Dr_G_Giles.jpgCoalitions of Conscience

As the second reading of the 0.7% Aid Bill takes place, Dr. Graham Giles MBE encourages us to stand together seeing international development as a "hot issue" not a "hot potato". 

Labour Affiliates can punch above their weight on matters of moral responsibility by standing together, not least on the future aid budget.   ‘Christians on the Left’ are providing resources to help local church groups up and down the country to become more active in local and national politics.  ‘Labour Campaign for International Development’ has launched its door-step guide to give PPCs a really positive narrative about the values of British aid.  In his ‘CotL’ blog Rev Graham Hunter reminded that our historic heroes built coalitions of conscience to speak up for the interests of the downtrodden, marginalised and powerless.   We seek, he wrote, ‘to build a broad coalition to campaign for the goals of historic Christian Socialism, namely, equality, justice, the fight against poverty, and the battle for human dignity’.  On this LCID and CotL stand shoulder to shoulder.

I took two hours out recently to watch the movie “Belle”.  Dido Belle was the 18th  Century illegitimate mixed-race daughter of Lord Chief Justice Mansfield's nephew Admiral Sir John Lindsay and an African slave Maria Belle. Set at a time of legal significance when a court case is heard on what became known as the Zong massacre.  Children, women and men were thrown overboard from a slave ship and the owner filed with his insurance company for ‘cargo’ losses.
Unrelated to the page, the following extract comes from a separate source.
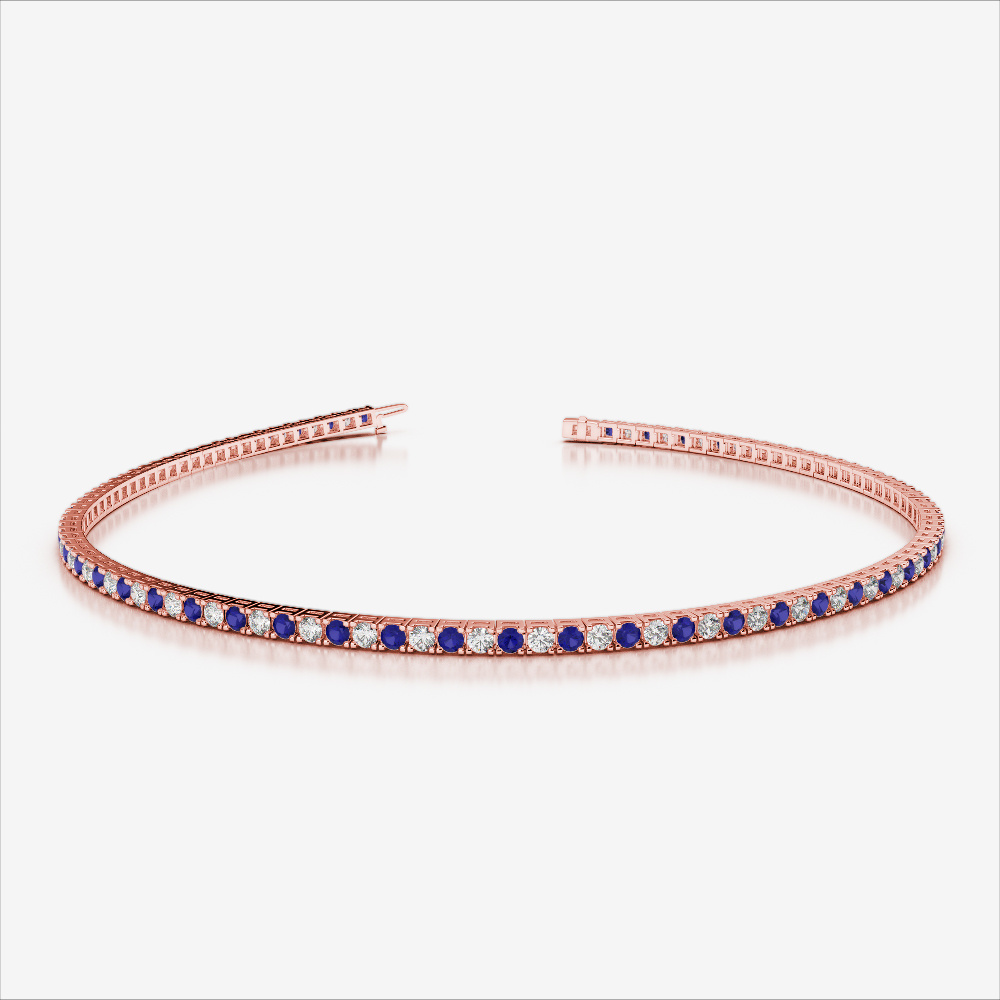 Step into elegance with our prong-set round-cut blue sapphire and diamond tennis bracelet. Designed to enchant, this piece blends the natural beauty of blue sapphires with the radiance of diamonds. A true expression of refined taste, it complements every outfit. Whether gifted or self-selected, this bracelet becomes a cherished part of your collection—graceful, glowing, and unforgettable.
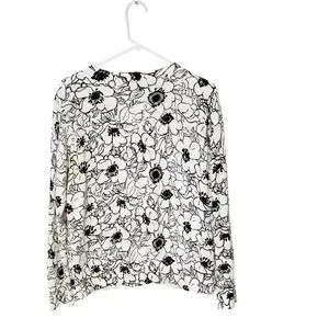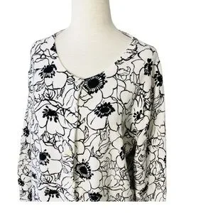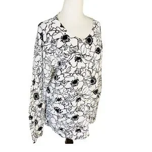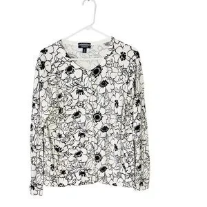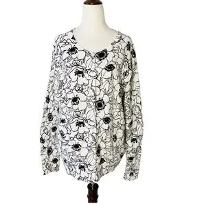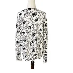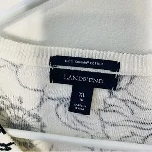 LANDS' END Floral Cardigan Black White Supima Cotton Size XL 18

Lord Mansfield ruled on this case in England's Court of King's Bench in a decision which contributed to the abolition of slavery in the British Colonies.  After the first trial, freed slave Olaudah Equiano brought news of the massacre to the attention of anti-slavery campaigners, who worked unsuccessfully to have the ship's crew prosecuted for murder.

An 1839 book on coalitions of conscience that achieved the Abolition of the African Slave Trade, included an account of the Zong killings.  This influenced the artist Turner, who displayed a painting The Slave Ship at the Royal Academy 1840 summer exhibition.  Turner depicted a vessel from which slaves had been thrown into the sea to be devoured by sharks. Details in the painting, such as shackles worn by the slaves, were influenced by illustrations in the book.  Gilded frames in English galleries contain uncomfortable truths.  Johann Zoffany’s portrait of Dido Belle with her white cousin Lady Elizabeth, and Turner’s ‘The Slave Ship’ both demonstrate that progress in social behavior and international convention have not been easy voyages for Britain.  The fight goes on, not least to stem the tide of human trafficking, racial intolerance and social isolationism.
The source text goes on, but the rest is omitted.